Cuando mi padre era un joven hermoso y lozano, que recibía clases de culturismo por correspondencia y tenía su permiso de conducir B1 más verde que la «L» de novato mi abuelo le confió su vehículo, en tiempos flamante, seat 600, para goce y regocijo del por aquel entonces tierno mozalbete.
Mi padre, he de aclarar, entró en la veintena en los últimos años del Régimen, suerte la suya, que por lo menos cogió algún año de régimen, yo no tuve ninguno, y así estoy cada día más panzudo y rebolludo…
El caso es que en aquellos primeros años 70, en el que los hijos de familias bien ya comenzaban a lucir los impresionantes 1430, también de fabricación española o los maravillosos Simca 1000, popularizados años después por Los Inhumanos en una dudosa canción que el que más y el que menos ha cantado borracho en alguna ocasión, por lo cual un 600 era un vehículo que no te daba ningún caché y con el que era imposible impresionar a nadie, y mucho menos a una de esas primeras usuarias del sensacional invento de Mary Quan… Vamos que tener un 600 en aquel tiempo era poco menos que tener hoy una mountain bike del Carrefour. ¿Cuánto costaba un 600 en aquella época? ¿Treinta mil pesetas? ¿Cuánto es eso, tres euros de ahora? Razón que hacía imposible comerse algo a cuenta del bicilíndrico vehículo…
Es más, las chicas de la época preferían pegarse un revolcón en una cuneta que en un 600, porque hacía el mismo frío, puesto que no llegó a haber 600 con climatizador de serie, pero al menos la cuneta era espaciosa.
Un buen día, tomando unas cañas, los amigos de mi padre tuvieron una feliz idea. Le propusieron a mi padre pintar el 600 de verde marujita. Seguiría siendo una mierda de coche, pero sería vistoso. Le decían que así, el coche destacaría allá por donde pasará y que sería imposible no fijarse en él, y en consecuencia, en sus ocupantes. Cuyo atractivo hasta aquel momento había pasado desapercibido.
En un principio mi padre, indeciso como su hijo, (el hijo como el padre, más bien) no veía nada clara la pigméntica cuestión, pero según iban bajando las cañas, comenzaban a ver más clara la fantasía de un 600 petado de lugareñas que deseaban sentirse suecas y vivir abrazadas a hombres peludos, como lo fueron un día los españoles de pura cepa…
Así que antes de acabar la sexta caña ya estaban yendo a comprar pintura.
El 600 quedó como el culo.

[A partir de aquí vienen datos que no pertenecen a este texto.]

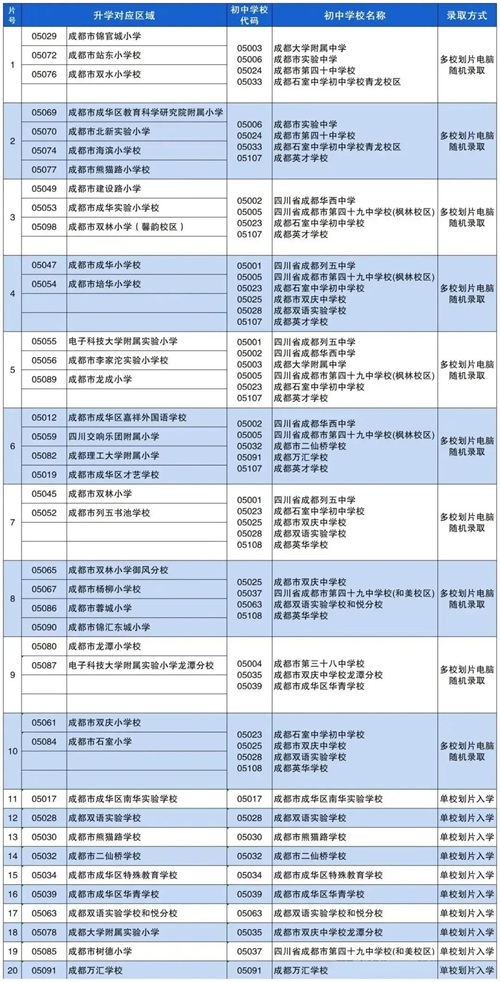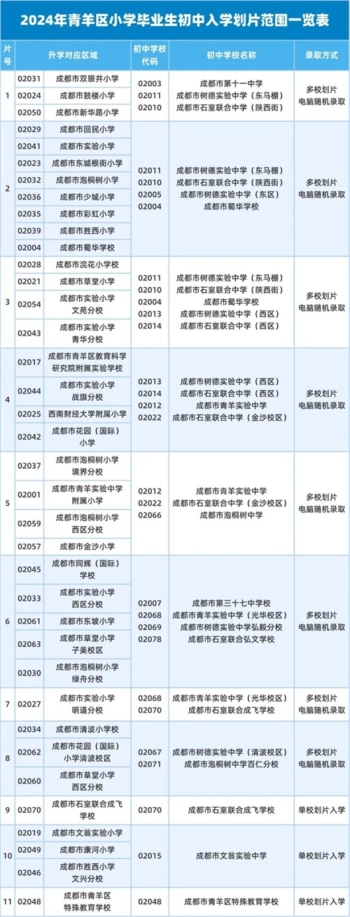 2024年成都青羊区小学毕业生初中入学划片范围一览表

Lo pintaron a brochazos. No les llegó la pintura, quedó más oscuro por unas zonas con dos manos que por otras y lleno de pegotes y también le quedaron partes blancas. Obviamente. La carrocería quedó llena de pelos que soltaban las brochas de lo malas que eran. Os podéis imaginar que el 600 resultaba bastante asqueroso… Todo el mundo se reía del 600 de mi padre.
Mi padre, harto de esta situación, le colocó una pegatina de lado a lado en toda la parte de atrás (que tratándose de un 600 tampoco era tan grande…) en la que se leía:
«NO SE RÍA, PUEDE IR SU HIJA DENTRO»
Nunca más nadie se volvió a reír del 600 de mi padre.
Pues bien, mi padre es Juan Bodegas, mi madre, como todas, una santa, que una noche subió engañada a aquel 600, y de ese desafortunado encuentro salió Rober Bodegas, que desde hoy os espera en este blog, sed bienvenidos.